**Assignment**
Keep to one stretch of the data below, the lines from the one with "По умолчанию баланс" up to and including the one with "Military fatalities in", and return that stretch exactly.

**Record set**
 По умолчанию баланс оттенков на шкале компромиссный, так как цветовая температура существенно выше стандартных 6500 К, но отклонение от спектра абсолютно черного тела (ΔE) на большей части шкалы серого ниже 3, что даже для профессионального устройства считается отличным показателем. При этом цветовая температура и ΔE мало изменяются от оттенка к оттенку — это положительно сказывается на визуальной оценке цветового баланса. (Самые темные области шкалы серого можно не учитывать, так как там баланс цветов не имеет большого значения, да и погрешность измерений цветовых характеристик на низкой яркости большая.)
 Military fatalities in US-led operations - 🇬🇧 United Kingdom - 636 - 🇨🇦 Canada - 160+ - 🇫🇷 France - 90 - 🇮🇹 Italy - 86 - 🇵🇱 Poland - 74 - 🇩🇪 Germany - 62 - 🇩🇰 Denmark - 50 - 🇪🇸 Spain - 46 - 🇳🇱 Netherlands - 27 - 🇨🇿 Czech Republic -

* * *

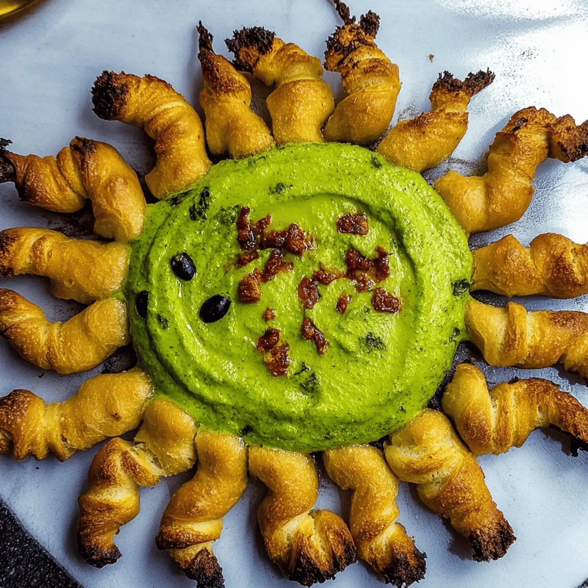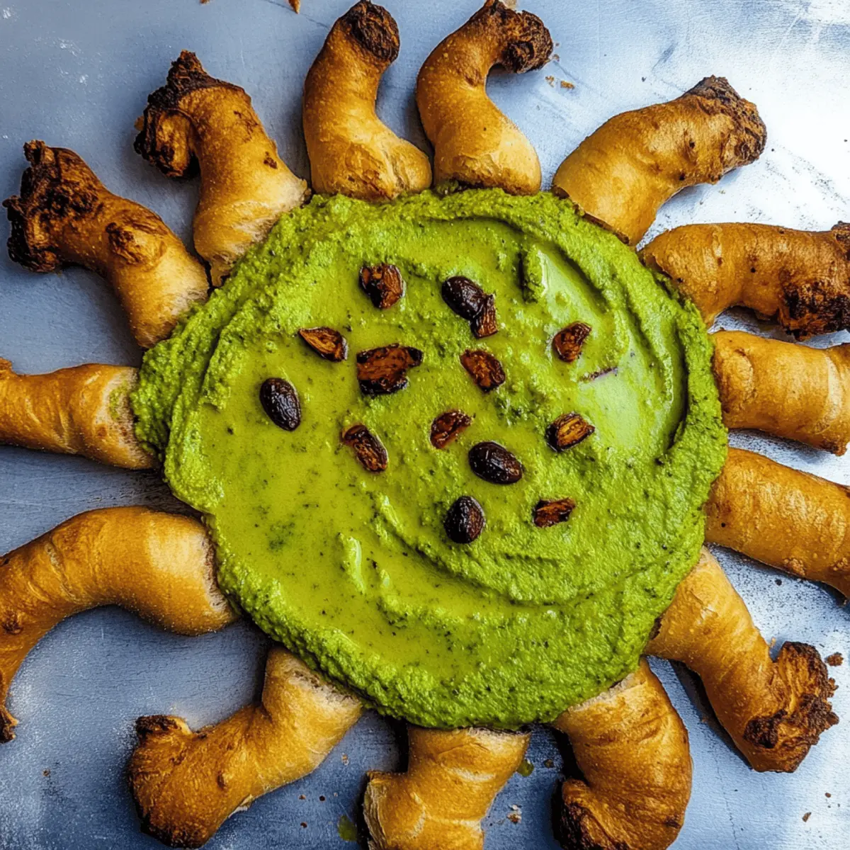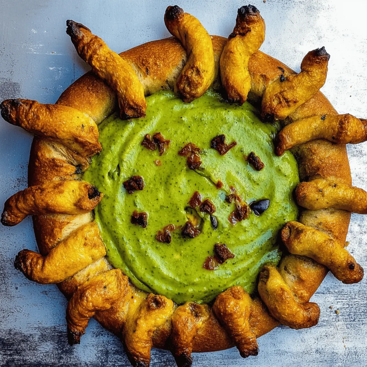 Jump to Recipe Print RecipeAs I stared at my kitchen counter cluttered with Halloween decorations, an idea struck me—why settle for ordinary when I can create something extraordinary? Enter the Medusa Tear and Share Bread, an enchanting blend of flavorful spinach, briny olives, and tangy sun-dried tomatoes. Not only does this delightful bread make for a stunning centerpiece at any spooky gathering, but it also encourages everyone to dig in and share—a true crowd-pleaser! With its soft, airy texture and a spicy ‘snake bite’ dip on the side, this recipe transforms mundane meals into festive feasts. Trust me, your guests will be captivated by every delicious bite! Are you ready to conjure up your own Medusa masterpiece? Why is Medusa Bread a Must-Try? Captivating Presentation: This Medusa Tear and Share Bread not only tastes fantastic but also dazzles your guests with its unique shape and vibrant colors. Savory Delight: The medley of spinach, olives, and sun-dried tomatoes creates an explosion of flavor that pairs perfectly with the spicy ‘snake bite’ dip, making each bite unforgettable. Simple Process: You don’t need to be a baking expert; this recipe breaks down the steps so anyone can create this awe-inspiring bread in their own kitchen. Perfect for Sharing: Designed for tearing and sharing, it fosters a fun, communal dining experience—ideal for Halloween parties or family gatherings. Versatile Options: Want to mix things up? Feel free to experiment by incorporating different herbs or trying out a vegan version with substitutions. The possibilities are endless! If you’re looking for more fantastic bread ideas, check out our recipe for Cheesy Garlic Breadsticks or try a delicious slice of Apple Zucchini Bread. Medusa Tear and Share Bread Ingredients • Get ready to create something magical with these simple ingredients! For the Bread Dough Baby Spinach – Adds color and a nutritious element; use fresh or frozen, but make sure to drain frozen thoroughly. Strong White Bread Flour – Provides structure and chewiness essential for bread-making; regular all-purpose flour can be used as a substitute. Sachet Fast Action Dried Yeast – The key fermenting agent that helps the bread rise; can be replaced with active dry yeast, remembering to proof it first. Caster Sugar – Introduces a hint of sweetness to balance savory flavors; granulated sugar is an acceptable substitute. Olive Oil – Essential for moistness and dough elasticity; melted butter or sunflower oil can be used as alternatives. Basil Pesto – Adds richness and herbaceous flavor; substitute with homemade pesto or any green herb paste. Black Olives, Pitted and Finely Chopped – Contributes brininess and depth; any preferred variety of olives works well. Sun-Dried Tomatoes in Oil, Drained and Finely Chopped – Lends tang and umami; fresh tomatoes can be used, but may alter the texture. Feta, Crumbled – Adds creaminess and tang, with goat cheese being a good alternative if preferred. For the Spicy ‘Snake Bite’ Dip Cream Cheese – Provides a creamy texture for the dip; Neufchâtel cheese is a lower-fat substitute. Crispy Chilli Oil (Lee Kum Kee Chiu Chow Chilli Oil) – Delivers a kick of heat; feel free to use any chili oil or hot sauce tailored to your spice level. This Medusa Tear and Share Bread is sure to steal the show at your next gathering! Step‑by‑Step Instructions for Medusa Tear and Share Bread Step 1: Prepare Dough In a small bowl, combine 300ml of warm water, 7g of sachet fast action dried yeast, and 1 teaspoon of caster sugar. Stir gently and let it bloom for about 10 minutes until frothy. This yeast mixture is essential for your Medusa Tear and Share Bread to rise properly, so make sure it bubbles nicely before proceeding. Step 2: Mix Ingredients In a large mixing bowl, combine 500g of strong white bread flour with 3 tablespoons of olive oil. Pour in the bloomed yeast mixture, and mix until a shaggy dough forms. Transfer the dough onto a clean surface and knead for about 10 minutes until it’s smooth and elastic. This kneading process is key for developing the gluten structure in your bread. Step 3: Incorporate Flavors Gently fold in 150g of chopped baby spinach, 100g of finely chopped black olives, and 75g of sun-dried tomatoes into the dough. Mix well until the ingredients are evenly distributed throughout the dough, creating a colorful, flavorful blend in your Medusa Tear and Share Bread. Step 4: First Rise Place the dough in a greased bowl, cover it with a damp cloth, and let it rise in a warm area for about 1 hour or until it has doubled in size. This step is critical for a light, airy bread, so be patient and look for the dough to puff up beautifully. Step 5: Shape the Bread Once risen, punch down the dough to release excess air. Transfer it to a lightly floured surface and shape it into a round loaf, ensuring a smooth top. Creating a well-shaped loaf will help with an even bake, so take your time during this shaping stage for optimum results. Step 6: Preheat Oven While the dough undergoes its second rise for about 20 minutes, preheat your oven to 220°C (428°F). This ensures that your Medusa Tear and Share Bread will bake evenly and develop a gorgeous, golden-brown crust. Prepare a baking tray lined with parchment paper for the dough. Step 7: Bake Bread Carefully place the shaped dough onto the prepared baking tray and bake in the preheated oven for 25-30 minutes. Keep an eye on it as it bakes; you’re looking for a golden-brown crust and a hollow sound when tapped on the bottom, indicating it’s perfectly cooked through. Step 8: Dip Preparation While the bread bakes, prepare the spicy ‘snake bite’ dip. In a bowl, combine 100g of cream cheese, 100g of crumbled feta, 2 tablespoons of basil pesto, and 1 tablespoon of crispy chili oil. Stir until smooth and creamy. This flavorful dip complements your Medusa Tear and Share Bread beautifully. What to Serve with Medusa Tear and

--

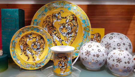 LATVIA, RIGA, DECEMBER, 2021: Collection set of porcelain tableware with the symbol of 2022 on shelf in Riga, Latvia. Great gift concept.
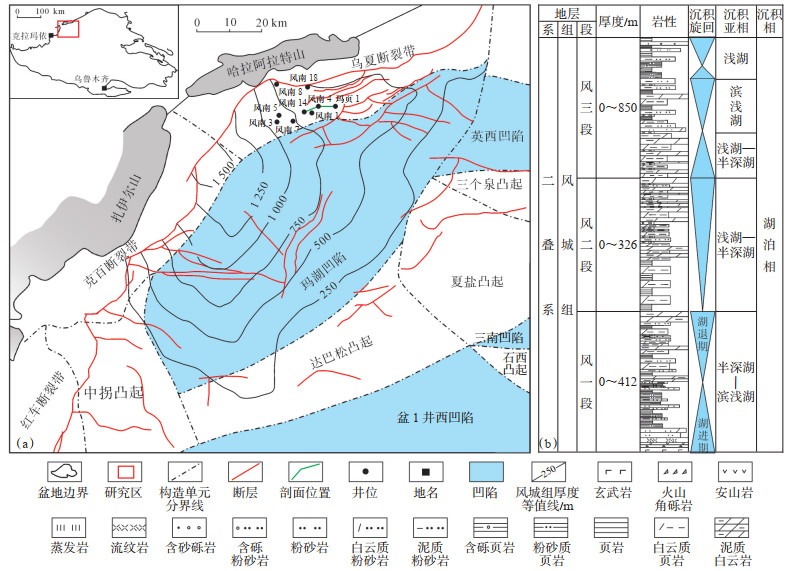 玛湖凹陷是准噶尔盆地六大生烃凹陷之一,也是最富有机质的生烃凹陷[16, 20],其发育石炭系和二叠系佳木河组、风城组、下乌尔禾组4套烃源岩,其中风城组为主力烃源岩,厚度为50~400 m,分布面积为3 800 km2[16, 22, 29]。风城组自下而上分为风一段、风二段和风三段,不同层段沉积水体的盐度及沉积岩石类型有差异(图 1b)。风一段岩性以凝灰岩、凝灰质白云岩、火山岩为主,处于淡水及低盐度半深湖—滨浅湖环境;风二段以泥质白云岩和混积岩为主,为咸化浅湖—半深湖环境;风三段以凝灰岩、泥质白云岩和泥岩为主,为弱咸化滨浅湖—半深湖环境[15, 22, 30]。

**Result for this task**
 По умолчанию баланс оттенков на шкале компромиссный, так как цветовая температура существенно выше стандартных 6500 К, но отклонение от спектра абсолютно черного тела (ΔE) на большей части шкалы серого ниже 3, что даже для профессионального устройства считается отличным показателем. При этом цветовая температура и ΔE мало изменяются от оттенка к оттенку — это положительно сказывается на визуальной оценке цветового баланса. (Самые темные области шкалы серого можно не учитывать, так как там баланс цветов не имеет большого значения, да и погрешность измерений цветовых характеристик на низкой яркости большая.)
 Military fatalities in US-led operations - 🇬🇧 United Kingdom - 636 - 🇨🇦 Canada - 160+ - 🇫🇷 France - 90 - 🇮🇹 Italy - 86 - 🇵🇱 Poland - 74 - 🇩🇪 Germany - 62 - 🇩🇰 Denmark - 50 - 🇪🇸 Spain - 46 - 🇳🇱 Netherlands - 27 - 🇨🇿 Czech Republic -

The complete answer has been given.